The response should be the lines of the data, starting at the first and ending at the one that contains "5月10日早上,成都高升橋北", copied without change.

*** Opening of Data for processing ***

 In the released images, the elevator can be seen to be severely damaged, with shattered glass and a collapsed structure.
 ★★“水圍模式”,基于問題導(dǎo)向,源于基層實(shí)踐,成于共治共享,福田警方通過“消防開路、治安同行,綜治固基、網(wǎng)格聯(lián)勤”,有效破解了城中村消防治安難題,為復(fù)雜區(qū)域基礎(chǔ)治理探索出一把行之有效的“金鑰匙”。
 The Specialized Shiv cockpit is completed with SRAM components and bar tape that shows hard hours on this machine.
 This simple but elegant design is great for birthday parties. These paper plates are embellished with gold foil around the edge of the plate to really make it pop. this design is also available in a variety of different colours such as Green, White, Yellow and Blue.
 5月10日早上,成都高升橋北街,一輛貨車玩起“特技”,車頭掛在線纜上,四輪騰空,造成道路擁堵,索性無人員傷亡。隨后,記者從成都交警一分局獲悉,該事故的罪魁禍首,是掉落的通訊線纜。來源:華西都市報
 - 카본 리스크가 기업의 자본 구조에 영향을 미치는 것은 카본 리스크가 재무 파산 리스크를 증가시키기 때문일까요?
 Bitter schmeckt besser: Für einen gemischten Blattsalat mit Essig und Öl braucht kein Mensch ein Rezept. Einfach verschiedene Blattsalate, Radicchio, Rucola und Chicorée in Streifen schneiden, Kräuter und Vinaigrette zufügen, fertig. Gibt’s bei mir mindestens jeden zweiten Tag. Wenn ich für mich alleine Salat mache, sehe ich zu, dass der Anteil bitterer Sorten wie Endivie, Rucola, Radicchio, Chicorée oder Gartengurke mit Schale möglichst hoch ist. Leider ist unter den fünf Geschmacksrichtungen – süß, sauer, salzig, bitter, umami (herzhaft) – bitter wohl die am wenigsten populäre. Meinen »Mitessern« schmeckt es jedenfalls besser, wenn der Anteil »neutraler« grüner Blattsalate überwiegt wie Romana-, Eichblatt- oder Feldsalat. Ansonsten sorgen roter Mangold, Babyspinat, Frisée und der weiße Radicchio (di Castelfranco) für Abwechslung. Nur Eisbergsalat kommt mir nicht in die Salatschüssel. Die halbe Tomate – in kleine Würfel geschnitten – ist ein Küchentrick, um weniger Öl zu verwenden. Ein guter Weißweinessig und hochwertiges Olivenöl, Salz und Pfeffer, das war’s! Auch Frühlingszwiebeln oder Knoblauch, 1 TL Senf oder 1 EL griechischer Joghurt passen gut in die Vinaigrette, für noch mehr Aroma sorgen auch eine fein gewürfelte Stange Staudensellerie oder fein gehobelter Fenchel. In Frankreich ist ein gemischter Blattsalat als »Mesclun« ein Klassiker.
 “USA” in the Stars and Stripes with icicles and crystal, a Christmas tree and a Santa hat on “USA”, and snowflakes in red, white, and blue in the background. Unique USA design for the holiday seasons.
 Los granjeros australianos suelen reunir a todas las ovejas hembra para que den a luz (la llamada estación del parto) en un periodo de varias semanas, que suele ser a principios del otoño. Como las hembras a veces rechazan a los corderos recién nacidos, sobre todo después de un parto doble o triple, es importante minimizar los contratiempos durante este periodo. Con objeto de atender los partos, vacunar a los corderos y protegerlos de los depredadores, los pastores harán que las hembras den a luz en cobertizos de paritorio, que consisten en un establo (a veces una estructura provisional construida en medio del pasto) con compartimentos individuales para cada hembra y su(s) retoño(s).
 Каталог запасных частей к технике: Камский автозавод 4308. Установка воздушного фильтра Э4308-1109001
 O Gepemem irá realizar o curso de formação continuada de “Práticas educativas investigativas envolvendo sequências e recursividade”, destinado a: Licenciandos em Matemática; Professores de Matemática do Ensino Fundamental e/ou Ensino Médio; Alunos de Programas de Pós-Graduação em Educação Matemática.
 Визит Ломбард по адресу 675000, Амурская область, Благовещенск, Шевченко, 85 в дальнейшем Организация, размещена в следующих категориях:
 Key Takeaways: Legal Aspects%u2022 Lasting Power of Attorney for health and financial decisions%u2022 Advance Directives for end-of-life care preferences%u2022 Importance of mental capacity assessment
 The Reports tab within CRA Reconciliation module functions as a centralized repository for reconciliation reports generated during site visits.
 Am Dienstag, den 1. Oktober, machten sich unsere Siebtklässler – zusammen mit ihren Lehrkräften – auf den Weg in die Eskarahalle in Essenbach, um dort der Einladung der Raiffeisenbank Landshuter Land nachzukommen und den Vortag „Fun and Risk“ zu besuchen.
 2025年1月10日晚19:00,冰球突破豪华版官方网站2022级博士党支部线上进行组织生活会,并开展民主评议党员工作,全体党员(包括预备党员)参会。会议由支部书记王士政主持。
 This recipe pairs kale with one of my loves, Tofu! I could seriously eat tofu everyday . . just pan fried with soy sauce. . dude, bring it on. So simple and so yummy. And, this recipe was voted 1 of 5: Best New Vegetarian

*** Close of Data for processing ***

■ Solution below:
 In the released images, the elevator can be seen to be severely damaged, with shattered glass and a collapsed structure.
 ★★“水圍模式”,基于問題導(dǎo)向,源于基層實(shí)踐,成于共治共享,福田警方通過“消防開路、治安同行,綜治固基、網(wǎng)格聯(lián)勤”,有效破解了城中村消防治安難題,為復(fù)雜區(qū)域基礎(chǔ)治理探索出一把行之有效的“金鑰匙”。
 The Specialized Shiv cockpit is completed with SRAM components and bar tape that shows hard hours on this machine.
 This simple but elegant design is great for birthday parties. These paper plates are embellished with gold foil around the edge of the plate to really make it pop. this design is also available in a variety of different colours such as Green, White, Yellow and Blue.
 5月10日早上,成都高升橋北街,一輛貨車玩起“特技”,車頭掛在線纜上,四輪騰空,造成道路擁堵,索性無人員傷亡。隨后,記者從成都交警一分局獲悉,該事故的罪魁禍首,是掉落的通訊線纜。來源:華西都市報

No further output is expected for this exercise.